[Items from a data source]
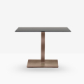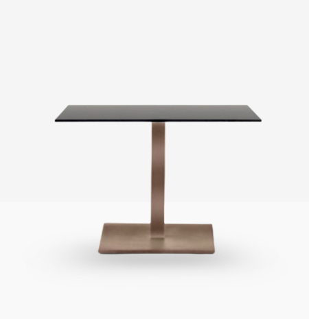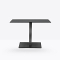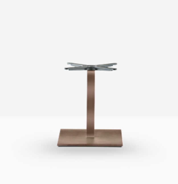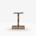 Inox 4402/50, base centrale quadrata in ghisa sabbiata, colonna e copribase in acciaio inox. Ripiano quadrato disponibile in diverse dimensioni e finiture. * piano tavolo escluso
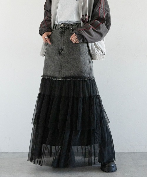 異素材ドッキングでこなれ感漂う一着。■おすすめスタイリング☆普段のカジュアルスタイルには・・・Tシャツやスウェット、ニットなど、幅広いアイテムと好相性!デザインの効いたスカートなので、シンプルトップスでもお洒落見えします◎☆トレンドライクなスタイルには・・・旬のオンブレチェックシャツと合わせて、タックイン!ワントーンでまとめると、モードでこなれ感漂うコーデが完成◎■ポイントカジュアルスタイルの定番「デニム」と、トレンドのチュール素材をドッキングしたデザインスカート!腰回りはすっきり見え、足元はフリルチュールで華やかな印象に。まとまりのあるカラーでまとめ、着回し力も◎ウエストはバックゴム仕様になっているので楽な穿き心地です!また、チュール部分には足首まであるインナーを付けているので、肌見せの苦手な方にもおすすめ。フリルチュールで程よい甘さもプラスした、今季注目のデニムスカートです!■素材適度に厚みのあるコットン仕立てで肌触りが良く、通気性・吸湿性・耐久性に優れたデニム生地。さらっと軽いチュール素材は、程よい透け感で今年らしい印象に見せてくれます。
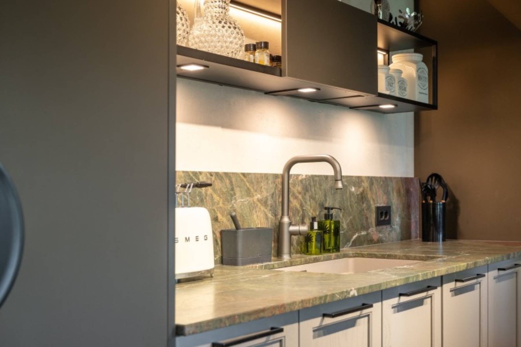 Backofen Dunstabzug Fenster Fußbodenheizung Geschirr/ Besteck Geschirrspülmaschine Induktionskochfeld Kaffeevollautomat Kochinsel Küchenutensilien Kühl- / Gefrierschrank Luxusküche Mixer Pfannen Toaster Töpfe Wasserkocher Weinkühlschrank
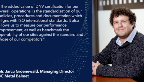 We were delighted to meet 3C Metal Belmet Managing Director, Mr. Jarcu Groenewald, in his company premises, to learn more about his experience with DNV, and what this collaboration has brought as an a...
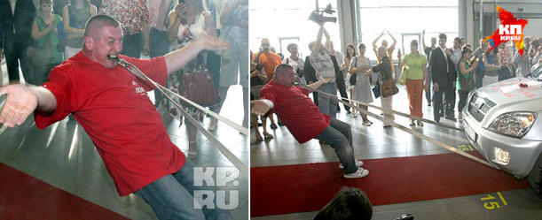Ravil Kravchuk, lempinimeltään Rav the Magnificent joukon edessä veti hampaillaan ulos kolme autoa, joiden kokonaispaino oli yli neljä tonnia – ja veti niitä jopa 20 metriä! ”Minulle 4 tonnia ennätys, – urheilija jakaa. “En vieläkään pysty siihen!” Vuonna 2002 alareunassa Ison-Britannian kuningatar Elizabeth II syntyi kaksikerroksinen bussi, jossa oli sata matkustajaa yhteistä painaa noin 7 tonnia. Komissio kirjasi tämän saavutuksen. Guinnessin ennätyskirja. Muuten, olin siellä ainoa venäläinen, joka esiintyi. “Saavuttaakseen vaikuttavan Seurauksena Ravil omistautui 20 vuotta extreme-urheiluun. ensimmäinen urheilija nosti painot hampaillaan, sitten 10 ja 50 punnan pannukakut, ja lopulta kouluttivat leuan lihaksia siinä määrin kuin pystyy pidä sauvaa, joka painaa 120 kg! Totta, Ravil-temppujen aikana hampaat rikkoutuivat, joten jouduin asettamaan implantit.

**Exercise directions:**
Please set down, exactly and with nothing added, the lines from the line with "Backofen Dunstabzug Fenster" to the end of the entries above, omitting pictures.

**Your solution:**
 Backofen Dunstabzug Fenster Fußbodenheizung Geschirr/ Besteck Geschirrspülmaschine Induktionskochfeld Kaffeevollautomat Kochinsel Küchenutensilien Kühl- / Gefrierschrank Luxusküche Mixer Pfannen Toaster Töpfe Wasserkocher Weinkühlschrank
 We were delighted to meet 3C Metal Belmet Managing Director, Mr. Jarcu Groenewald, in his company premises, to learn more about his experience with DNV, and what this collaboration has brought as an a...
Ravil Kravchuk, lempinimeltään Rav the Magnificent joukon edessä veti hampaillaan ulos kolme autoa, joiden kokonaispaino oli yli neljä tonnia – ja veti niitä jopa 20 metriä! ”Minulle 4 tonnia ennätys, – urheilija jakaa. “En vieläkään pysty siihen!” Vuonna 2002 alareunassa Ison-Britannian kuningatar Elizabeth II syntyi kaksikerroksinen bussi, jossa oli sata matkustajaa yhteistä painaa noin 7 tonnia. Komissio kirjasi tämän saavutuksen. Guinnessin ennätyskirja. Muuten, olin siellä ainoa venäläinen, joka esiintyi. “Saavuttaakseen vaikuttavan Seurauksena Ravil omistautui 20 vuotta extreme-urheiluun. ensimmäinen urheilija nosti painot hampaillaan, sitten 10 ja 50 punnan pannukakut, ja lopulta kouluttivat leuan lihaksia siinä määrin kuin pystyy pidä sauvaa, joka painaa 120 kg! Totta, Ravil-temppujen aikana hampaat rikkoutuivat, joten jouduin asettamaan implantit.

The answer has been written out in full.